It was noted that smoking habits were more frequent among carriers of normal pregnancies, with 13.9% of them reporting tobacco consumption, as opposed to none of those with EP (P= 0.034). Patients with EP were more likely to have had a cleavagestage rather than a blastocyst transfer (P= 0.001), had double rather than a single ET (P= 0.001), and finally were more likely to have had a difficult transfer (13.8% vs. 0%, P= 0.004), independently of the use of a rigid catheter (6.9% vs. 0%, P= 0.070). 4 out of the 29 ET’s leading to EP were judged difficult by the performing physician, and 50% of them (2 out of 4) required the use of a rigid catheter in order to negotiate the cervical canal.
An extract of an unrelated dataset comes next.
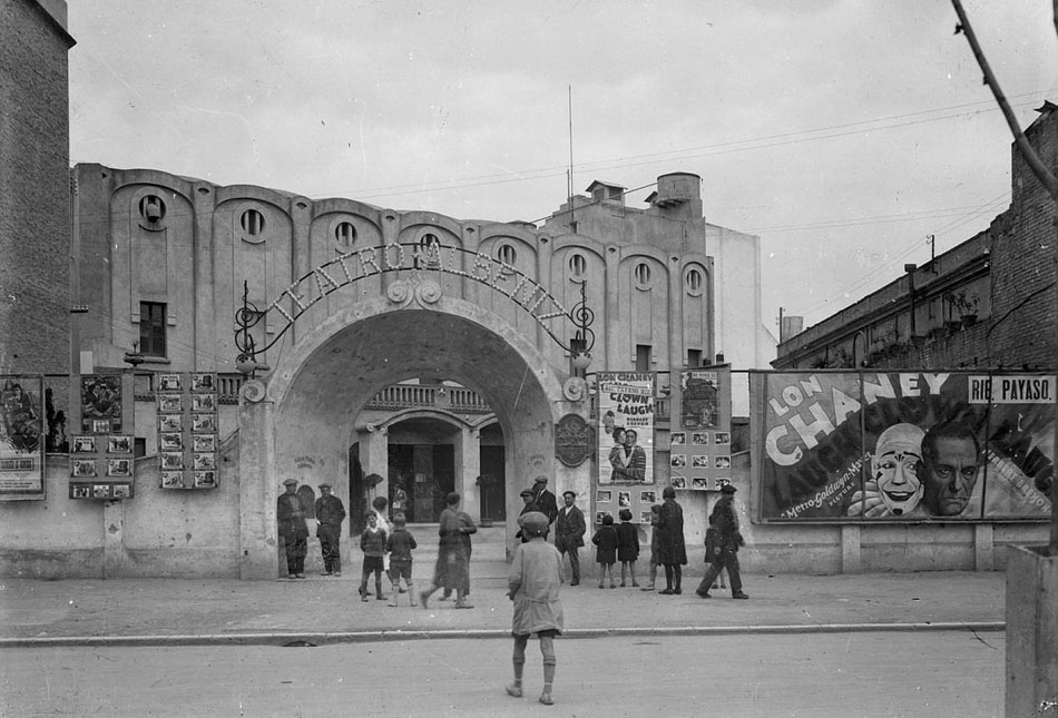 - El Teatre Albéniz, un dels cinemes que hi havia a la plaça, 1928. S'hi anuncia el film "Rie, payaso, rie", amb Lon Chaney. Foto Lux. Ajuntament de Girona - CRDI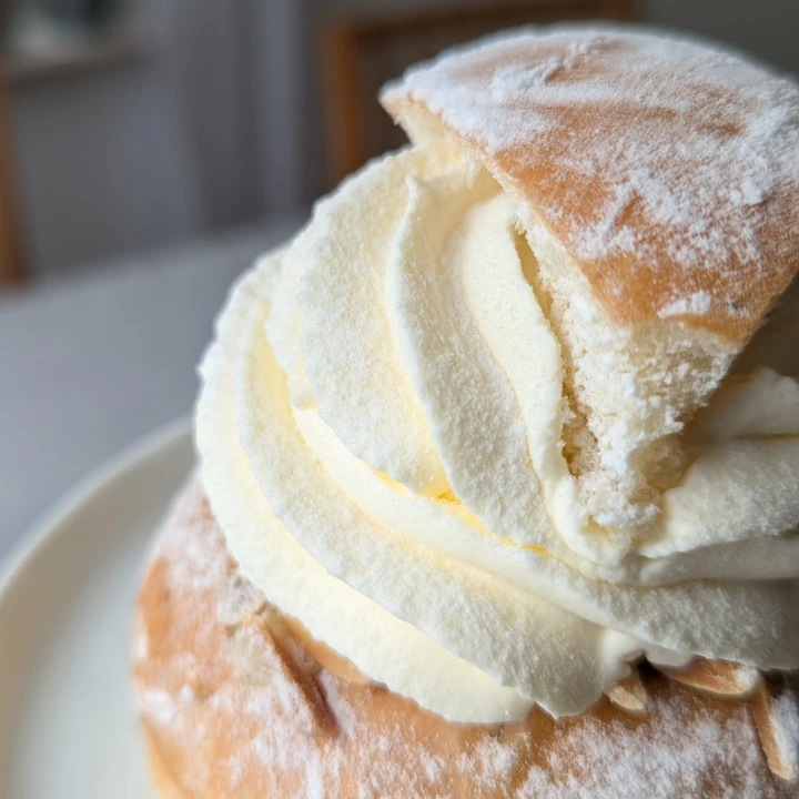 The bun feels soft and gentle to the touch and an even golden brown color. A few slithers of almond are peeking put from under the cream.

The fact that P level did not significantly differ between patients with either ectopic or intrauterine pregnancies might be the result of some neutralizing effect between its two opposite hormonal actions: decreasing uterine contractility on the one hand, and altering tubal peristalsis on the other. With estradiol tending to be higher in the ectopic group, we thought that its role in tubal physiology and resultant ectopic implantation outweighs that of Wu Z et al. [13] showed in a large retrospective multicenter study that the risk of EP was higher in women with both elevated P and estradiol on the day of hCG trigger (18.10%), when compared to those with isolated elevated P (9.5%, P< 0.05), but not different from the group with isolated elevated estradiol (11.67%, NS) [13]. This is supported by some existing evidence from bovine models where estradiol was shown to affect oviductal smooth muscle contractility [14]. Human studies failed to completely reproduce this finding, with even some reports showing the complete opposite: treatment with clomiphene citrate- an estrogen receptor antagonist at the level of the fallopian tube- increased the frequency of tubal implantation [15].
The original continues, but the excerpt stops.